Not all of us (whether to our good or bad) have written to brand. I remember writing The Mormon Mirage and when asked for a followup, I truthfully said I had written everything I knew about my experiences in Mormonism in it. (Not until years later when a publisher asked me to write a book chronicling the experiences of other ex-Mormons did I return to that subject, and then with great reluctance.) In the interim, I wrote what I had passion and conviction to write: a book about hospitality in the Bible, one about the elements of love in 1 Corinthians 13, one about the stewardship of time, talents and possessions, one about crisis (our daughter's eosinophilic skull tumor and later closed head concussion), and poems and articles. Looking back, I probably did not meet the expectations of those who had high praise for the uniqueness of The Mormon Mirage. I certainly did not write to brand. Even after writing three subsequent books about Mormonism and cults, I wrote a children's book, a book about Bible marriage customs, one about Rahab.

But even so, all of those (with the exception of the children's books) were heavily-documented non fiction. Now I've gone and done it again -- written a novel and started another.

So I'm not a one-hit wonder. But I deal with the fear of many others who write in various genres and styles: Is only one of my books a wonder? Are any of them?

The answer for me lies not in sales figures. It lies in a series of thick folders from people who have written me over the years and said that God used my writing to help -- and in many cases, change-- their lives.

I doubt that my agent (had she been my agent, those years ago) would have advised me to take the track I took. But I would want to believe, have staked my professional career on this hope, one I urge other beginning writers to consider: that I have indeed written to the expectations of the reader.

One Reader, in fact. He's the wonder, the One I want to shine, the brand I want to have.

Latayne C Scott

Amy Jane (Untangling Tales) said...

Related (I think) to this topic is the admonition I once read about "Don't save anything for your 'next book.'"

The advice encompasses knowing what you're *really* writing about and trusting that if you have more story to tell (thinking Noveling here) that will come at the right time.

I am working on a project now that went down many rabbit trails till I realized it was more than one story.

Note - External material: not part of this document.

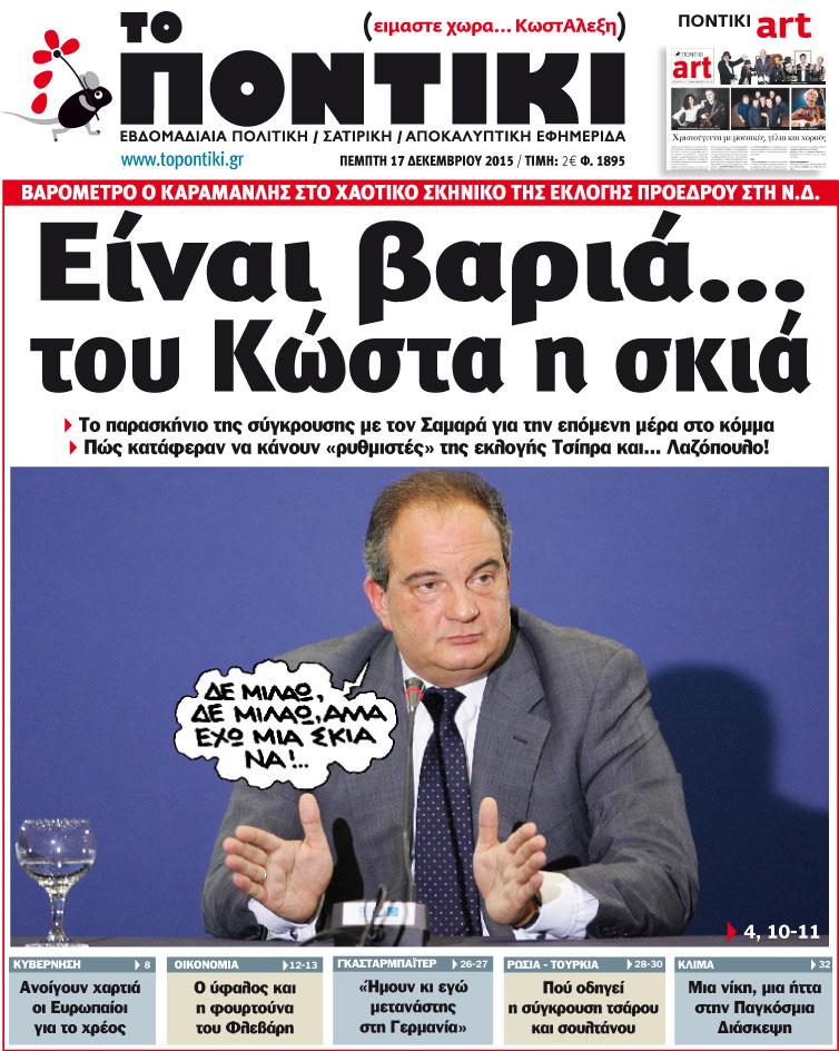 Το «Ποντίκι» κυκλοφορεί την Πέμπτη, 17 Δεκεμβρίου, με πρωτοσέλιδο τίτλο «Είναι βαριά… του Κώστα η σκιά» και αναλυτικό – αποκαλυπτικό ρεπορτάζ για τον σημαντικό ρόλο του Κώστα Καραμανλή στο χαοτικό σκηνικό της εκλογής προέδρου της ΝΔ.
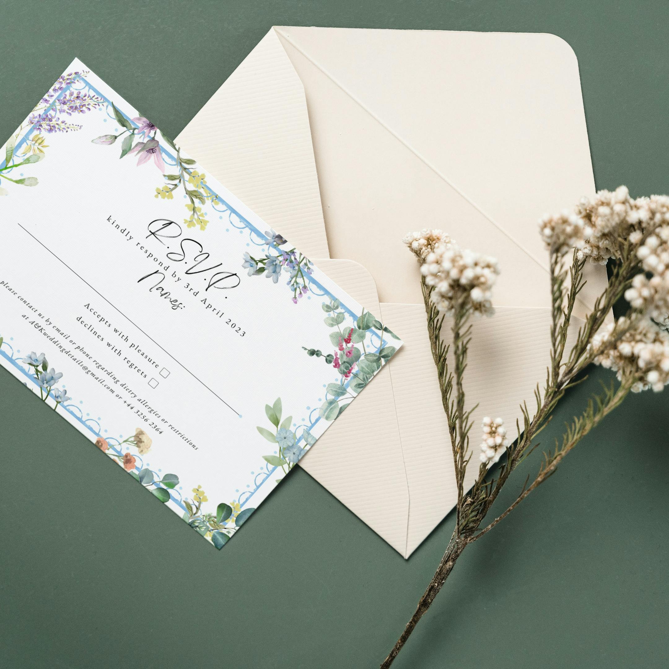 Fun floral Christian Wedding Invitation and RSVP. The front page features details of the date, venue and time. The back page features the details of the wedding

Once i had that revelation I started squirreling bits and pieces away for "the next book" until I realized that meant I didn't trust the second story to be interesting enough on its own.

Well, if that's the case, all the "good stuff" I was saving might never see the light of day, and wouldn't that be a waste.

Once I knew what I was really doing for #1, that finally unmuddied the waters for #2.

#2 still may never see the light of day, but #1 will certainly (at least in my opinion) be better than before I "saved out" some good parts.